Individu yang ber-visi sendiri adalah yang masa lalu, masa kini, dan masa depannya berjalan seiring pada garis yang sama, masa lalunya berada satu jengkal di belakangnya, senantiasa mengiringi masa kininya. Masa lalunya tak boleh tertinggal jauh di belakang, karena ia sangat dibutuhkan sebagai refleksi. Pun demikian dengan masa depannya, berada satu tampak di hadapannya. Ia harus berada sedekat mungkin, agar visi tak berubah wujud menjadi “halusinasi”. Jadi, masa lalu, masa kini dan masa depan adalah iring-iringan “karnaval visi kehidupan”. Perpaduan tiga hal tersebut haruslah professional. Tidak boleh berat sebelah.

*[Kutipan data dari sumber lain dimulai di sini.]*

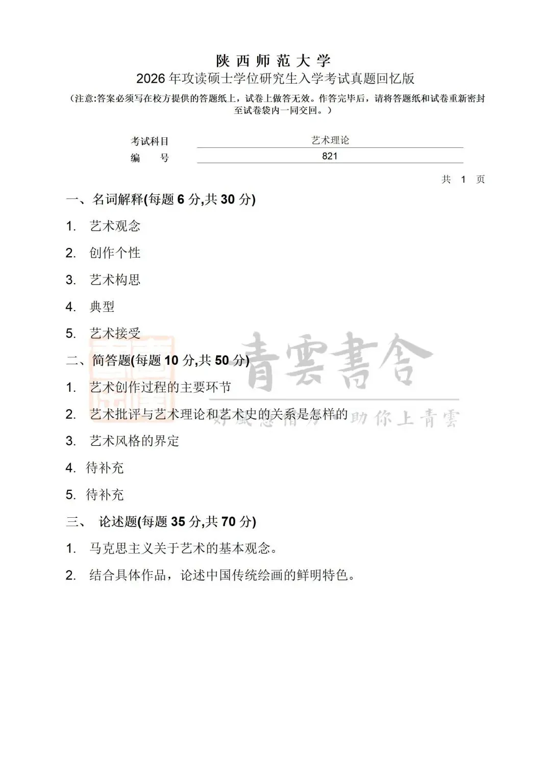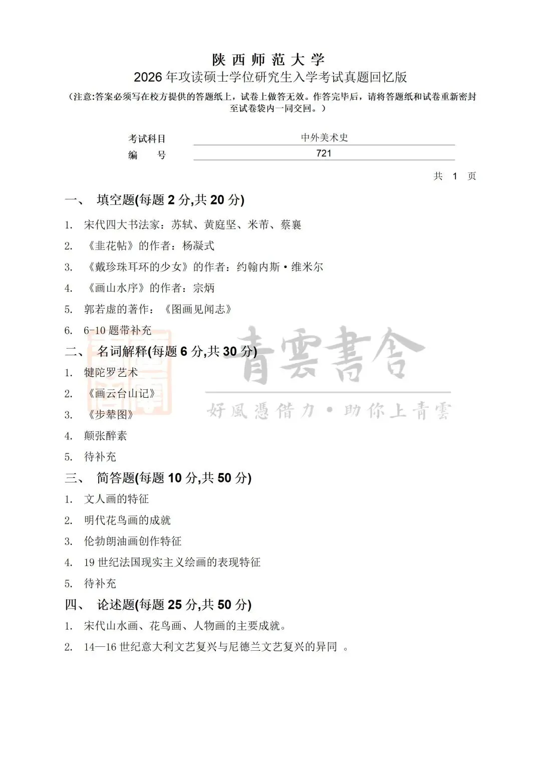 >陕西师范大学2026书法考研真题(721中外美术史、821艺术概论)
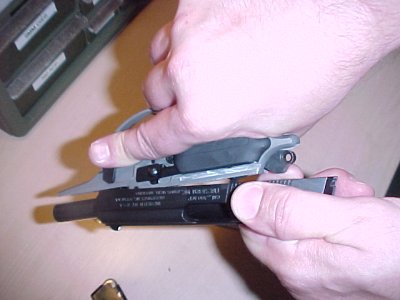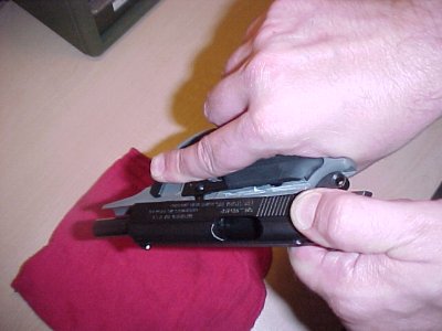 Once finished simply place the front of the barrel back into the slide, again depress the slide release and pull back on the slide.
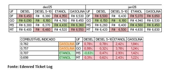 Dados da mais recente análise do Índice de Preços Edenred Ticket Log (IPTL), levantamento que consolida o comportamento dos preços praticados nos postos de combustível a partir das transações registradas, mostram que, em janeiro, o Centro-Oeste apresentou aumentos generalizados nos combustíveis em comparação com dezembro.
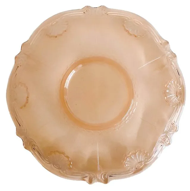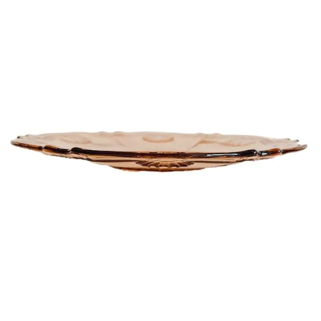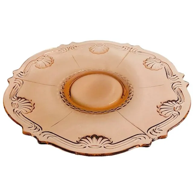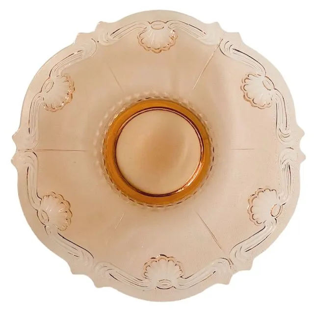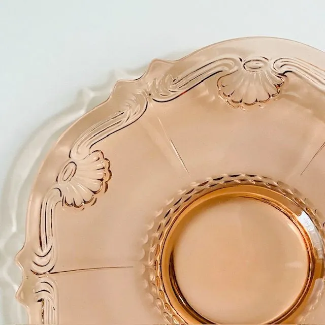 Art deco schaal van roze glas met een klassiek patroon uit de jaren 30. Deze artdeco schaal kan men als onderschotel gebruiken of als presenteerschaal voor desserts of rauwe groenten. Geproduceerd door Inwald in de lijn Barock, vermoedelijk rond 1935.
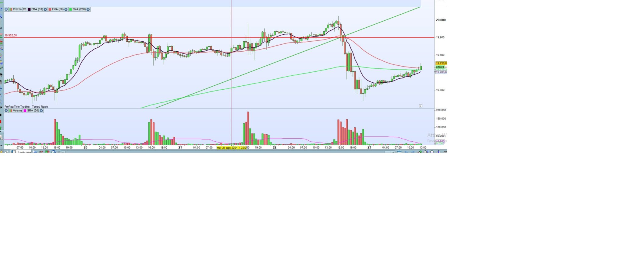 l’idea alla base è che il prezzo stia sotto l’EMA200 per un tot di candele (100 o + per l’esattezza), poi crossi in su l’EMA200 e ritorni giù in dopo essere stato massimo 5 candele sopra l’EMA 200.
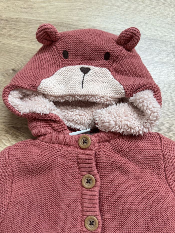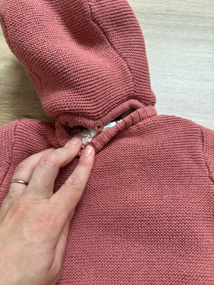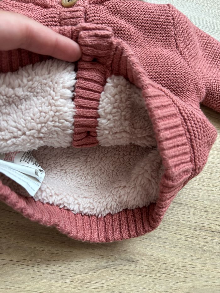 Veste polaire fille Porté 1fois à la sortie de la maternité mais ma fille était tellement petite 😅que la veste était beaucoup trop grande. Taille naissance mais plutôt 1mois Vieux rose La capuche peut s’enlever Entièrement polaire même à l’intérieur des manches
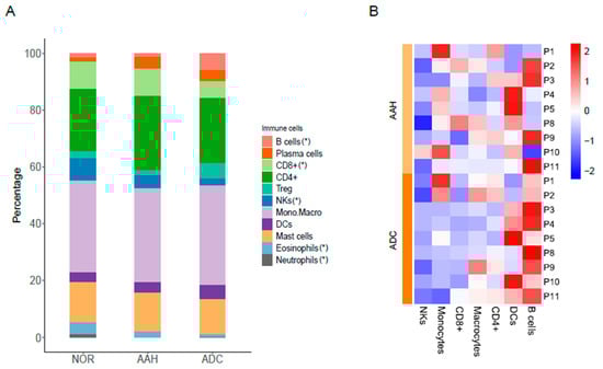 Immune cell signatures across different tissues and patients. (A) Proportion of immune cells in normal tissues, AAH, and ADC tissues. (*) indicates the significance test results (p-value < 0.05) in paired t-test of B cells (ADC vs. NOR), CD8+ (ADC vs. NOR), NKs (AAH vs. NOR, ADC vs. NOR, ADC vs. AAH), eosinophils (AAH vs. NOR, ADC vs. NOR, ADC vs. AAH) and neutrophils (AAH vs. NOR, ADC vs. NOR). (B) Relative differences expressed in z-score in tumor lesions compared to normal samples. AAH, atypical adenomatous hyperplasia; ADC, adenocarcinoma; NOR, normal.
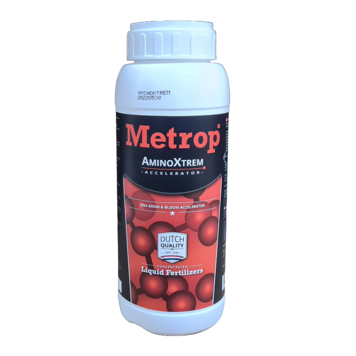 Metrop AminoXtrem Pflanzen und Blüte Stimulator ist ein qualitativ hochwertiger Pflanzenextrakt, der alle Aminosäuren und Vitamine enthält, die für den erhöhten Nährstoffbedarf in der Bluhphase und einen hohen Entrag auf jedem Medium Unterstützt sind.
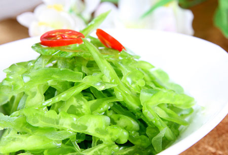 苦瓜可炒食、煮食或蒸食,清苦爽口,先苦后甜,口味長久。如將苦瓜和辣椒同炒,可減輕苦味。將其切成薄片,然后在上面灑上一些鹽漬。一會兒,再用水把鹽濾掉;也可以把苦瓜切成塊,然后煮熟,放進冷水中浸泡,這樣苦瓜的苦味就會減少許多。
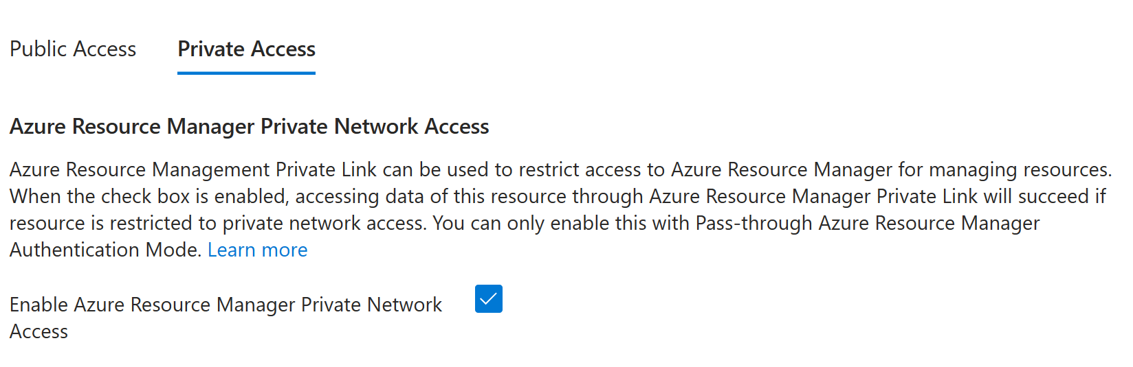 仅当使用 直通 身份验证模式时,才能启用 Azure 资源管理器专用网络访问。
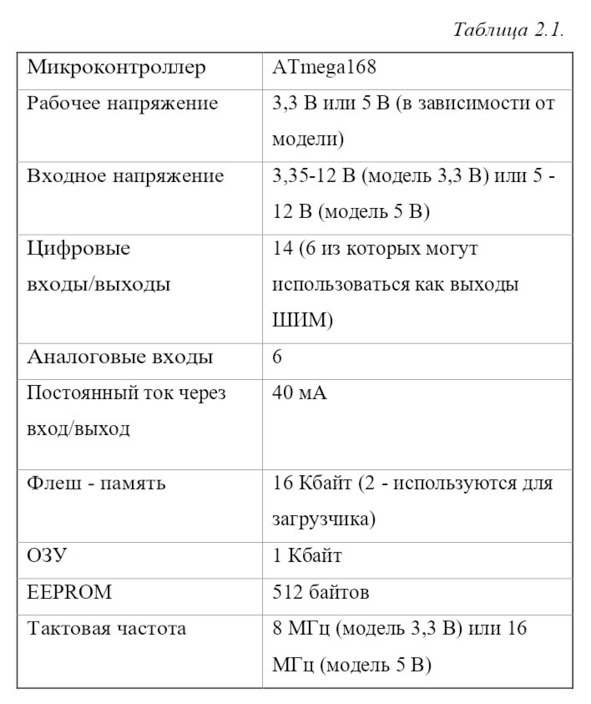 The characteristics of the Arduino Pro Mini board are presented in Table 2.1.
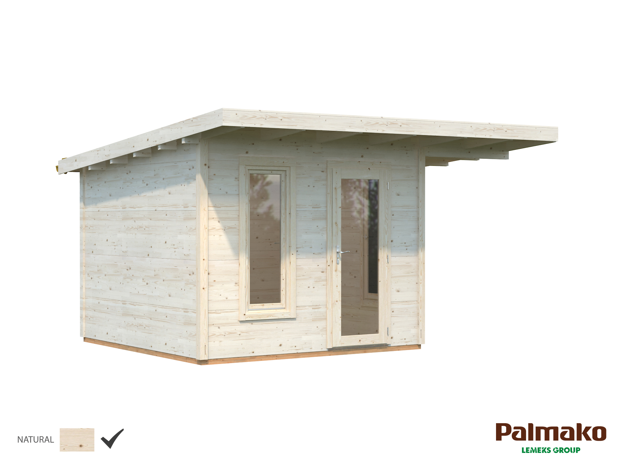 Tak og gulv består av 18 mm rupanel, dette er inkludert i settet. Også behandlede bærebjelker til fundamentet er inkludert. Selve fundamentet må du lage selv, materiale til dette er ikke inkludert. Hvordan fundamentet lages avhenger av jordforholdene, husets utseende og hva du foretrekker. Enten kan en plate støpes eller en sokkelbunn på for eksempel hageplater eller leca-blokker.
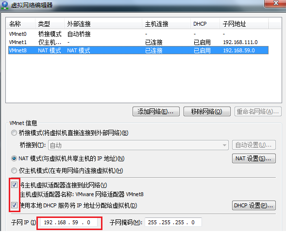 虚拟机采用 NAT 模式,查看下面两个勾是否勾中,子网地址必须是你上面那个 ip 的同段,比如虚拟机 ip 地址为 192.168.71.128,那么这里的子网地址必须是 192.168.59.*
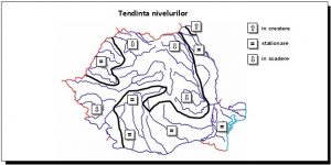 Debitele au fost, în general, în scădere, exceptând râurile din bazinele hidrografice: Crasna, Barcău, Crișuri, Jiu, Vedea, Ialomița, Bârlad, bazinele mijlocii și inferioare ale Oltului și Argeșului, afluenții Prutului, cursul mijlociu și inferior al Prutului și râurile din Dobrogea, unde au fost relativ staționare.
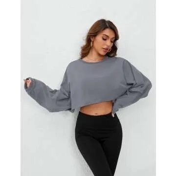 MISSACTIVER Women’s Vintage Oversized Long Sleeve Crop T-Shirt Loose Fit Drop Shoulder Crew Neck Cropped Tee Tops Pullover Grey
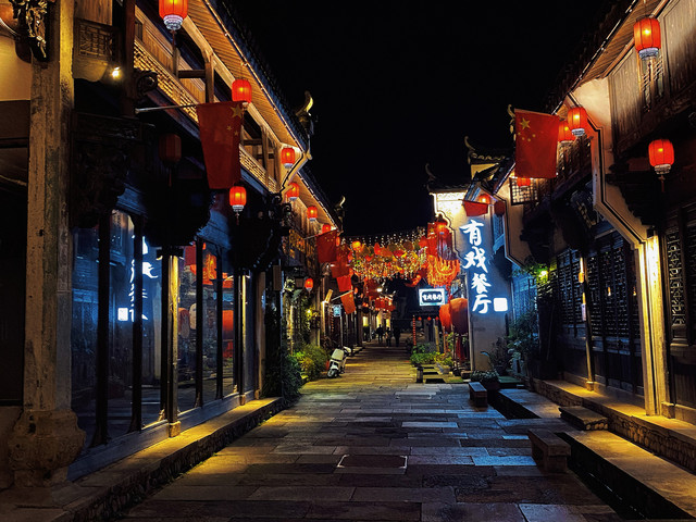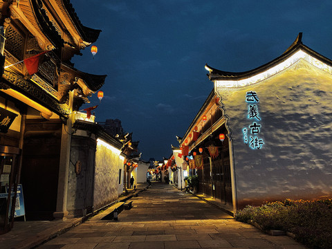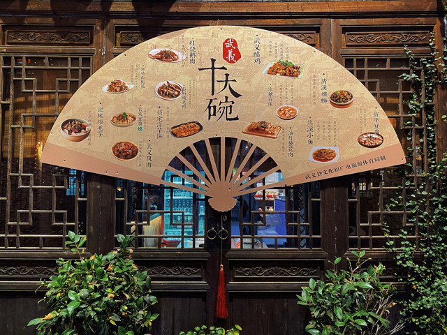 如果你想找到武义那些不需要营销的老店和美食,来武义古街附近找准没错。浙江省大部分城市都有古街,武义也不例外,但让我惊讶的是,这条古街好好拍!来这儿的时候已经是夜幕时分,人并不多,红色灯笼的点点微光映照着古朴的老街。路上的青石板大多被岁月磨平,街面两边散布着这里的原住民开的小店,一点也没有故意讨好游客的商业气息。
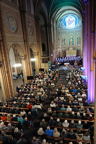 Die eindrucksvolle Beleuchtung der Kirche trug zusätzlich zur festlichen Stimmung bei und verwandelte den Raum in eine stimmungsvolle Kulisse für dieses großartige Konzert. Die Begeisterung der Besucher war spürbar – von den ersten Tönen bis zum letzten Applaus war die Kirche erfüllt von Freude und Anerkennung für die Darbietungen.
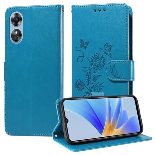 Funda de Cuero con Diseño de Mariposas y Flores En Relieve para Oppo A17 4G Global/A17K Global (Azul)
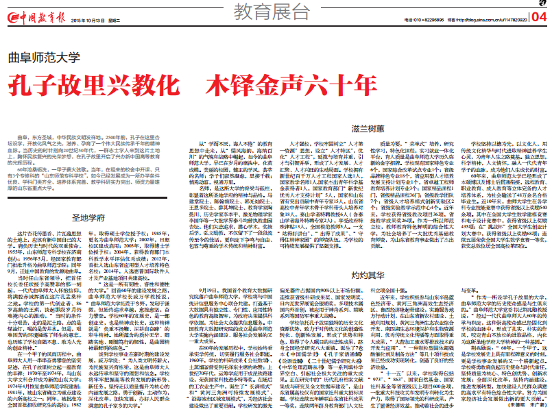 中国教育报报道链接:江南在线登录入口 孔子故里兴教化 木铎金声六十年
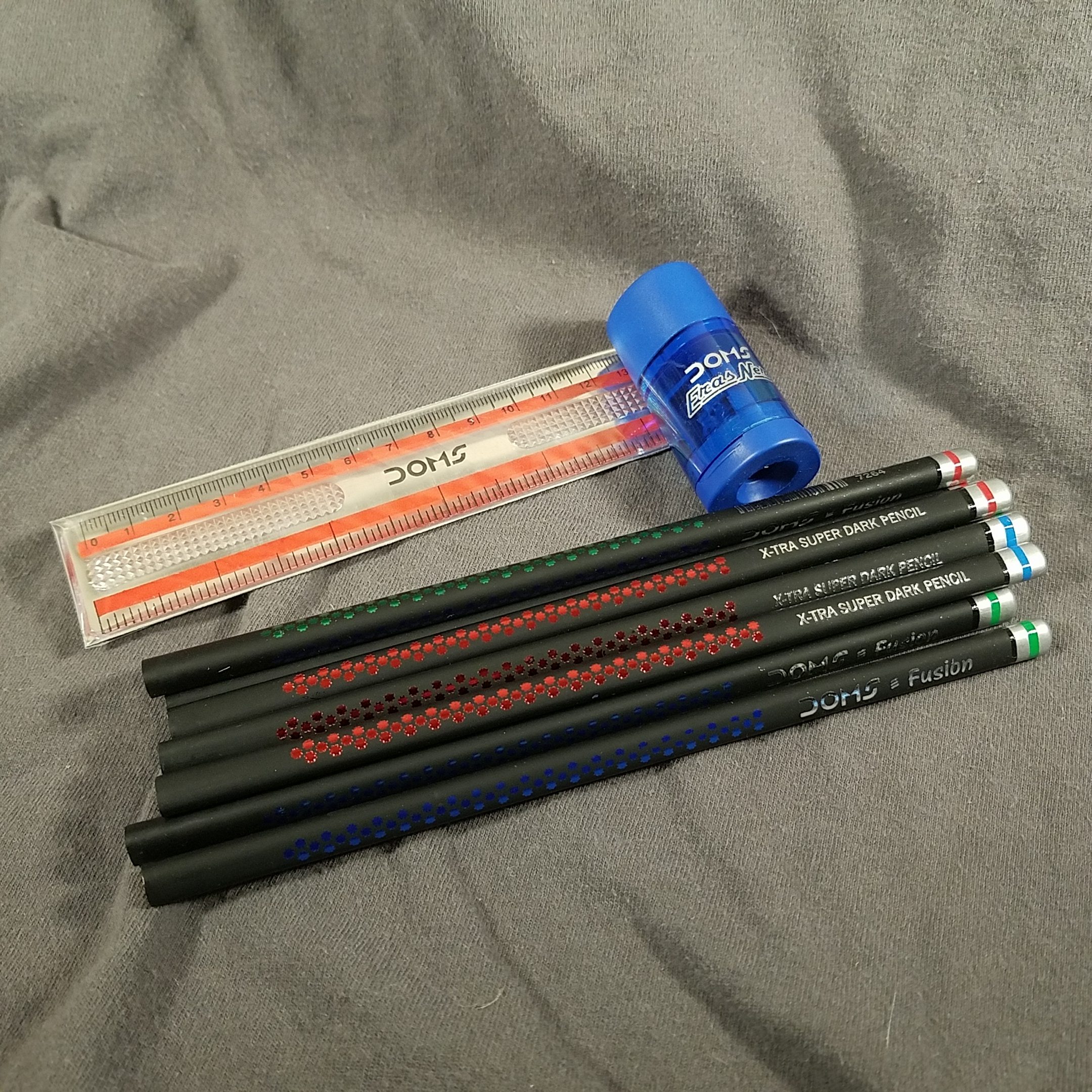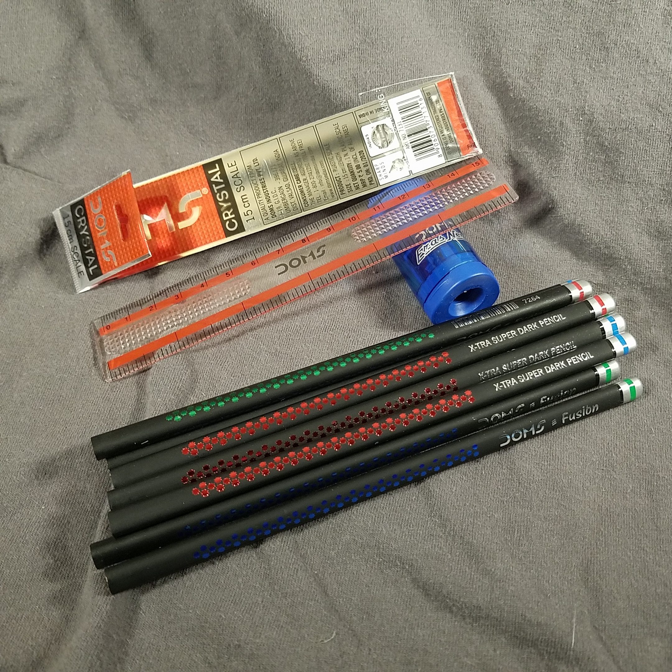 Mine sports 3 differently colored ribbon place markers, that were well heat sealed upon purchase but I hit them with a lighter to get the seal stronger. At the back there is a pocket and an elastic to hold the whole thing shut.

Banyak orang yang tak mampu menempatkan tiga hal tersebut secara professional. Sebagian terjebak pada kubangan masa lalu, akhirnya, mereka menjadi seorang pemuja glorifikasi zaman lampau yang sebenarnya sudah tidak relevan lagi. Ada juga yang terlilit oleh tali masa kini, sehingga stagnan. Memang benar, orang seperti itu setidaknya tidak terseret ke masa lalu. Namun, mereka juga tak mampu melangkah ke depan. Mereka mandeg di satu horizon waktu dan tempat.
Selain itu, tak sedikit pula yang justru terlampau jauh melangkah ke depan, tanpa membekali diri dengan refleksi dan evalusi. Konsekuensinya: orang model ini juga terjebak pada satu titik, namun titik jebakannya adalah masa depan. Dengan lain kata, mereka terikat oleh nikmatnya ”halusinasi” yang membumbung tinggi, tak terpijak pada realitas. Halusinasi bukanlah mimpi, apa lagi visi! Hal ini perlu ditegaskan, sebab tidak sedikit orang yang menyamakan antara halusinasi dengan ketiga hal tersebut. Halusinasi “kosong”, sementara visi memiliki “isi”.
Dengan visi hidup, masa depan “terlihat” jelas di hadapan kita. Masa depan menjadi sesuatu yang pe-raih-annya hanya menunggu soal waktu. Ia akumulasi dari pelbagai hal yang sedang kita persiapkan “logistiknya” pada masa kini dan dijamin bukan merupakan repetisi dari masa lalu. Visi adalah penglihatan kita akan masa depan kita. Sudahkah kita memiliki visi hidup? Jika tidak, berarti masa depan kita “tak terlihat”, alias gelap!